▶ **DATA UNDER STUDY**:
━━━━

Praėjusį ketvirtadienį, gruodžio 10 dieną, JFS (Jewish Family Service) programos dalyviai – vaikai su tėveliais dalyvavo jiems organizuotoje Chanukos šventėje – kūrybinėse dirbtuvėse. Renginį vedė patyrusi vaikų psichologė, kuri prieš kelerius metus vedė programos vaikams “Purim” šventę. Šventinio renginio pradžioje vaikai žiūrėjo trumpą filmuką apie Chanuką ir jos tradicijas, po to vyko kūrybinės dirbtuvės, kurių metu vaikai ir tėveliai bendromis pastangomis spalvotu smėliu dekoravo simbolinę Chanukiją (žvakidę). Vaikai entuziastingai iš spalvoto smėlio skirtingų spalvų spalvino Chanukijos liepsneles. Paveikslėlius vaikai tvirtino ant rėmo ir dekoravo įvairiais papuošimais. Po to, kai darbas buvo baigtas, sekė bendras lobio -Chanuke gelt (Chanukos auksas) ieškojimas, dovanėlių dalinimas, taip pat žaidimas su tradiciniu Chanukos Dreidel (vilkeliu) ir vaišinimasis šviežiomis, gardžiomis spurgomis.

━━━━

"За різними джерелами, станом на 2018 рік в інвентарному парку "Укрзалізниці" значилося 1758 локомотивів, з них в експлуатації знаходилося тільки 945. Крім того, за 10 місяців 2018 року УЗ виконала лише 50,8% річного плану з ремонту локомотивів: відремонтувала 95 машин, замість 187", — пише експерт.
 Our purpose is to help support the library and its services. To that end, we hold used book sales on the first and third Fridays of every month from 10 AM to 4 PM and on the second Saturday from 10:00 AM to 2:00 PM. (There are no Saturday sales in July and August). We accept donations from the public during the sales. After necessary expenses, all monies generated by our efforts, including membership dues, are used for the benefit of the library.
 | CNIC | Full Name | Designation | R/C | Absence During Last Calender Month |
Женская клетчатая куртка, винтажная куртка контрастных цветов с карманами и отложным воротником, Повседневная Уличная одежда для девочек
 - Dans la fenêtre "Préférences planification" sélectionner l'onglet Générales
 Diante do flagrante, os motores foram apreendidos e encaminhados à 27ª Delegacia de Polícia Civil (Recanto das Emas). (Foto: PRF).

━━━━

▶ **TASK ITEM**: Above are the records. Print exactly, and only, the lines from the line with "Calender Month |" to the line with "Diante do flagrante, os", both inclusive.

▶ **EXERCISE SOLUTION**:
 | CNIC | Full Name | Designation | R/C | Absence During Last Calender Month |
Женская клетчатая куртка, винтажная куртка контрастных цветов с карманами и отложным воротником, Повседневная Уличная одежда для девочек
 - Dans la fenêtre "Préférences planification" sélectionner l'onglet Générales
 Diante do flagrante, os motores foram apreendidos e encaminhados à 27ª Delegacia de Polícia Civil (Recanto das Emas). (Foto: PRF).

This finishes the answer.